**Your instructions**
Among the entries below, the lines from the one with "為提升服務品質及便利性,113年7月1日起, 本公司全面開通悠遊付APP「嗶乘車」服務, 旅客不用拿錢包,用手機就能「嗶」進站。" up to and including the one with "100 Pesetas. November" are to be restated exactly, without pictures.

**Exercise data**
╭──

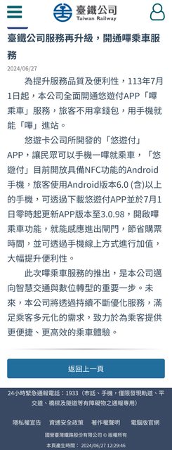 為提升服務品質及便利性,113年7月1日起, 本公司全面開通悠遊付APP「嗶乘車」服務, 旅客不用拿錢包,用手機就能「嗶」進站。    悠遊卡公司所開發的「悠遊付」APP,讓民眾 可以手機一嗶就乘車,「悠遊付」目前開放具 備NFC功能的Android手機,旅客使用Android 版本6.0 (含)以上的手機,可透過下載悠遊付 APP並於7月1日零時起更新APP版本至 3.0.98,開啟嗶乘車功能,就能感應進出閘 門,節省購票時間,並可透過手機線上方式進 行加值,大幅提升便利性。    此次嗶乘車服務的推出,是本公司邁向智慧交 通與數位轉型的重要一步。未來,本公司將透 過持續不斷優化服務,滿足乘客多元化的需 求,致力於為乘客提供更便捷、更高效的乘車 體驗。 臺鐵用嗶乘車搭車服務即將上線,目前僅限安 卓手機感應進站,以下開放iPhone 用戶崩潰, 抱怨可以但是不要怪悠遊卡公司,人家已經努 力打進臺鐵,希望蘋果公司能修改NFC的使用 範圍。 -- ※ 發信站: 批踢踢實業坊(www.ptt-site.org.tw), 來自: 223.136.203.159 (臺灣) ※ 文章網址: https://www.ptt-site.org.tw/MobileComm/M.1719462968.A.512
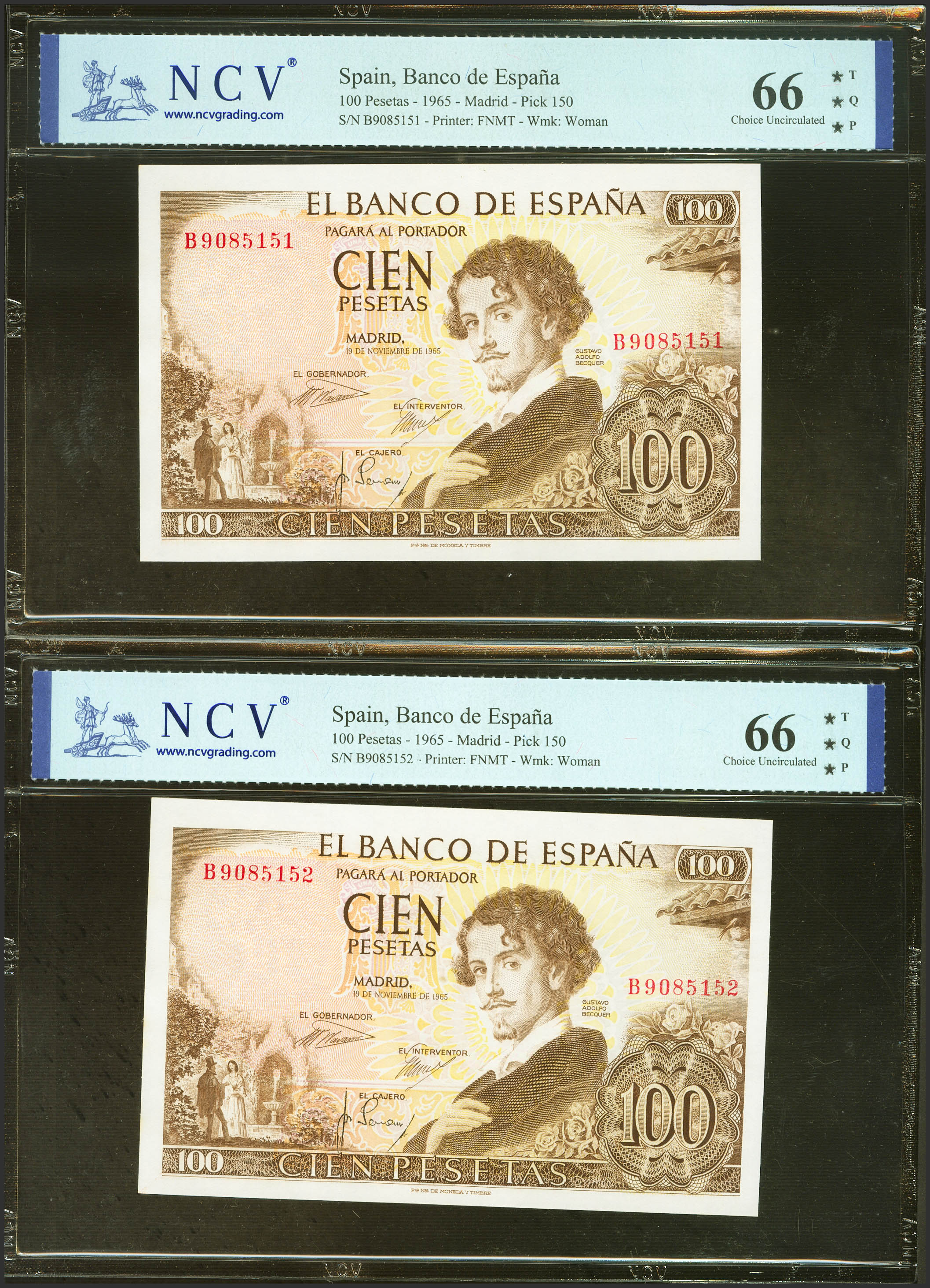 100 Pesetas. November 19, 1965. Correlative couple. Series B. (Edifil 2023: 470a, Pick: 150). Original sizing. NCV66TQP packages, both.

╰──
╭──

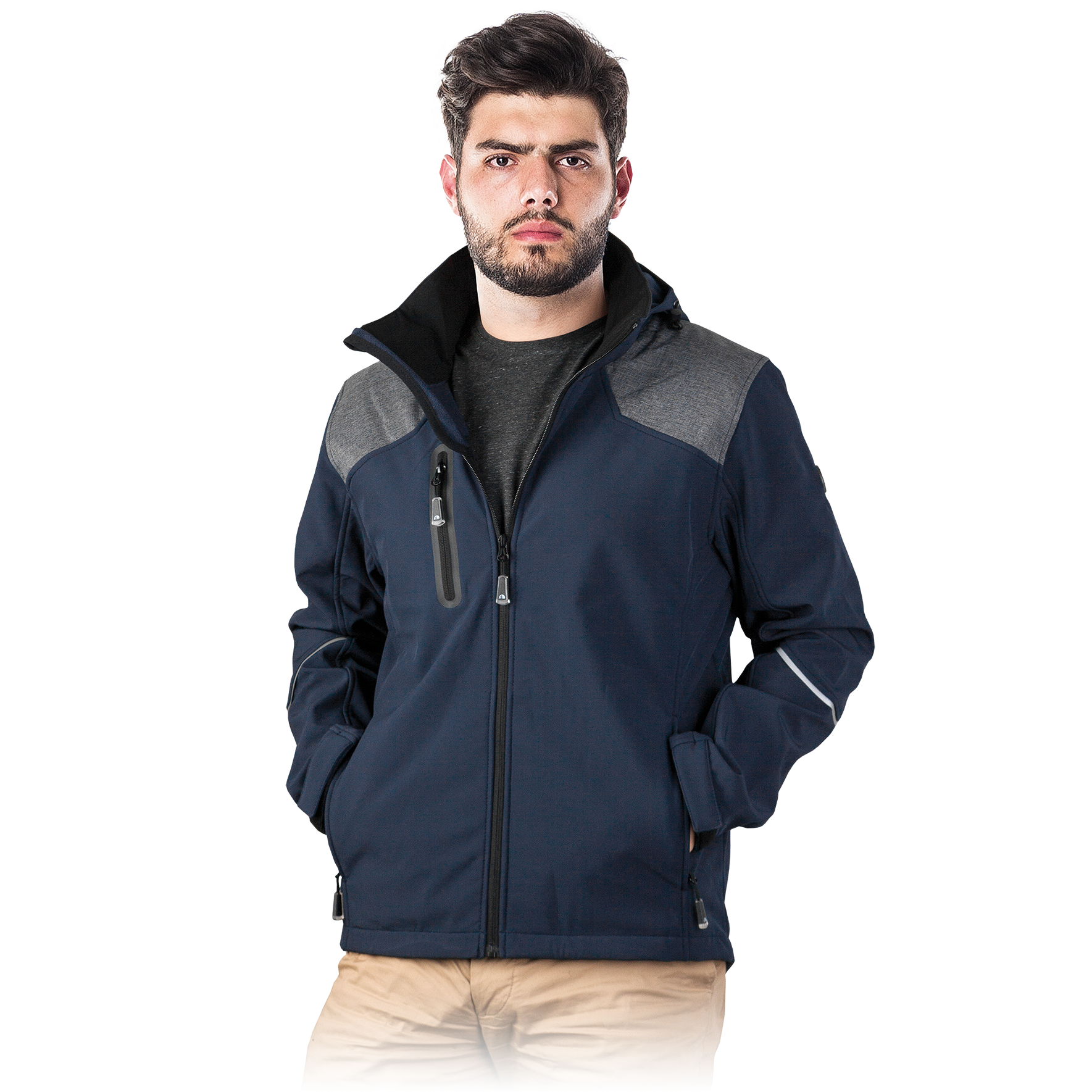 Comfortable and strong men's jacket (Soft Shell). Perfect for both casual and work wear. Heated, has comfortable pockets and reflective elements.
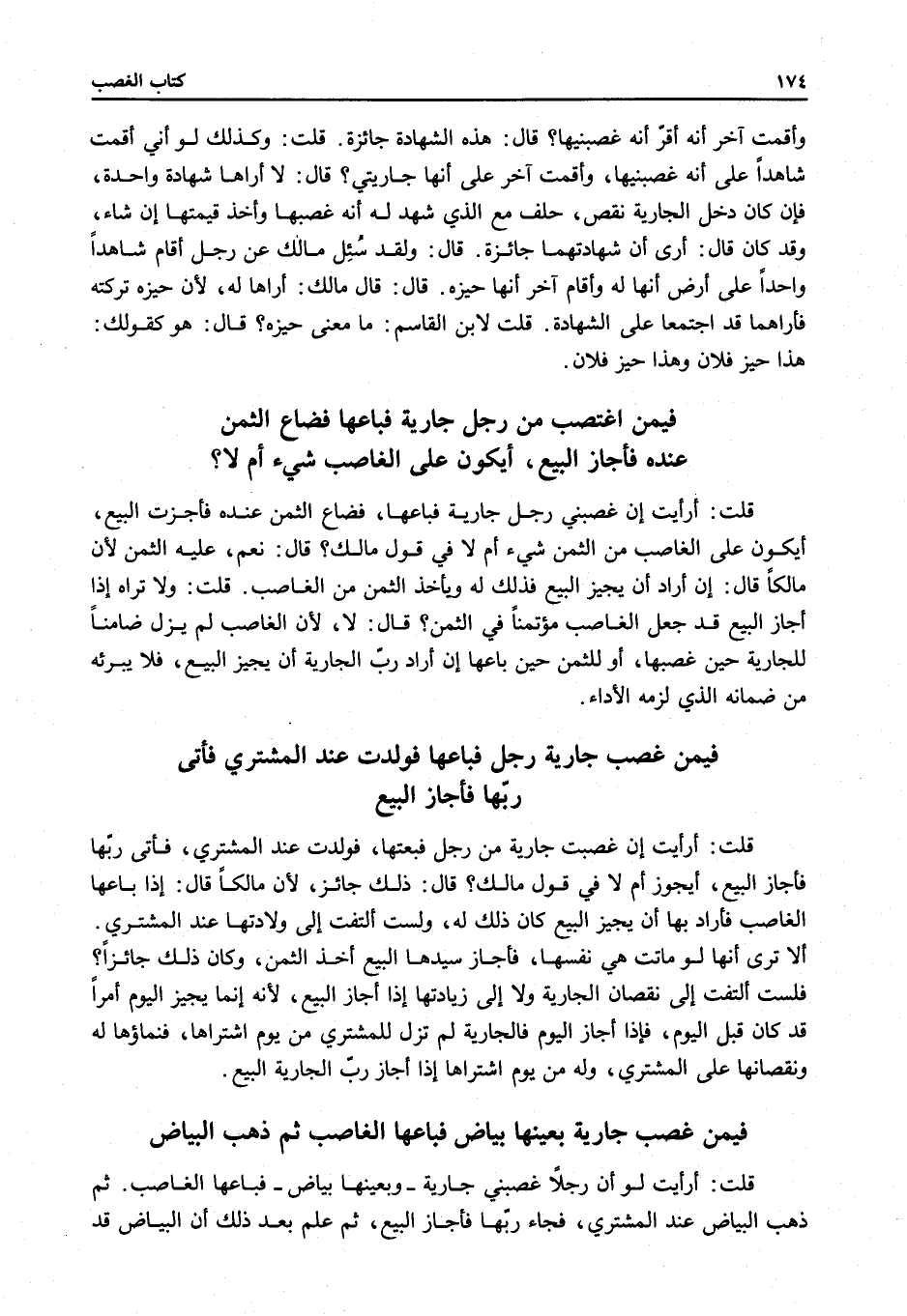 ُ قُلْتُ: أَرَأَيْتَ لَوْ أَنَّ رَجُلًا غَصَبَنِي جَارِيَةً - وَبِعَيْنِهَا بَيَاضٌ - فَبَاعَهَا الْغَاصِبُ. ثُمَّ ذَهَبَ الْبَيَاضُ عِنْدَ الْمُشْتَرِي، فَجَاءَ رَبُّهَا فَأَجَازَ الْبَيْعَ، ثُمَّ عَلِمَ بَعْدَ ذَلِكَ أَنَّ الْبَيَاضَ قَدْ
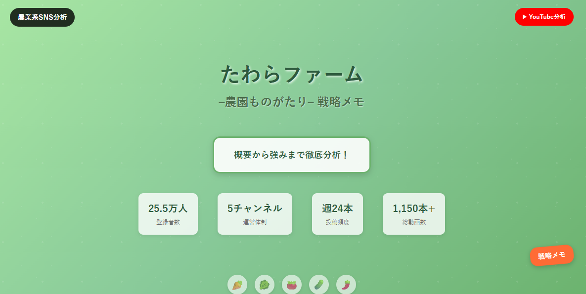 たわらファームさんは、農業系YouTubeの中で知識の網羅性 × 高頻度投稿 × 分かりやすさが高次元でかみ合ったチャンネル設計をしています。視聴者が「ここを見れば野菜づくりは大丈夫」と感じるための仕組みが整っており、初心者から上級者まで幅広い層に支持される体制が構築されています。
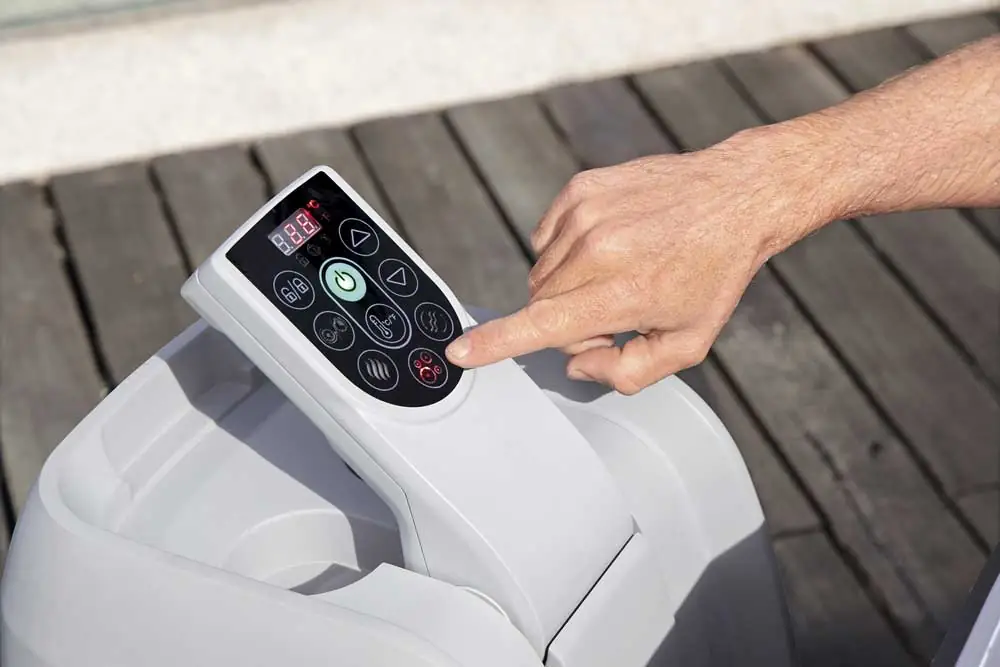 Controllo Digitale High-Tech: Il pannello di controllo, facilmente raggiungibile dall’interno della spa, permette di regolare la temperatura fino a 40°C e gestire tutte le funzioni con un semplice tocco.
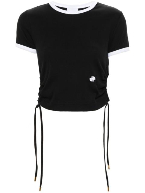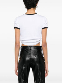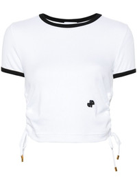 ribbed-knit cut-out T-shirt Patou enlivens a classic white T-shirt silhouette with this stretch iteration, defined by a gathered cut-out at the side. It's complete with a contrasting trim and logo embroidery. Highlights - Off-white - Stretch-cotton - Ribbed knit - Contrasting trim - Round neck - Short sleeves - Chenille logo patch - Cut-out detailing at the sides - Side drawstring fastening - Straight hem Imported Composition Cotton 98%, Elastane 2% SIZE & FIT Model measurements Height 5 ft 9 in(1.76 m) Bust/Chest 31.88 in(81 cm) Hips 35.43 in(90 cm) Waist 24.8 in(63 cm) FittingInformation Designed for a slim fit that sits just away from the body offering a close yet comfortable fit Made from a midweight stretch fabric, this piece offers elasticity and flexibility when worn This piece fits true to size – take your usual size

╰──

**Exercise output**
 為提升服務品質及便利性,113年7月1日起, 本公司全面開通悠遊付APP「嗶乘車」服務, 旅客不用拿錢包,用手機就能「嗶」進站。    悠遊卡公司所開發的「悠遊付」APP,讓民眾 可以手機一嗶就乘車,「悠遊付」目前開放具 備NFC功能的Android手機,旅客使用Android 版本6.0 (含)以上的手機,可透過下載悠遊付 APP並於7月1日零時起更新APP版本至 3.0.98,開啟嗶乘車功能,就能感應進出閘 門,節省購票時間,並可透過手機線上方式進 行加值,大幅提升便利性。    此次嗶乘車服務的推出,是本公司邁向智慧交 通與數位轉型的重要一步。未來,本公司將透 過持續不斷優化服務,滿足乘客多元化的需 求,致力於為乘客提供更便捷、更高效的乘車 體驗。 臺鐵用嗶乘車搭車服務即將上線,目前僅限安 卓手機感應進站,以下開放iPhone 用戶崩潰, 抱怨可以但是不要怪悠遊卡公司,人家已經努 力打進臺鐵,希望蘋果公司能修改NFC的使用 範圍。 -- ※ 發信站: 批踢踢實業坊(www.ptt-site.org.tw), 來自: 223.136.203.159 (臺灣) ※ 文章網址: https://www.ptt-site.org.tw/MobileComm/M.1719462968.A.512
 100 Pesetas. November 19, 1965. Correlative couple. Series B. (Edifil 2023: 470a, Pick: 150). Original sizing. NCV66TQP packages, both.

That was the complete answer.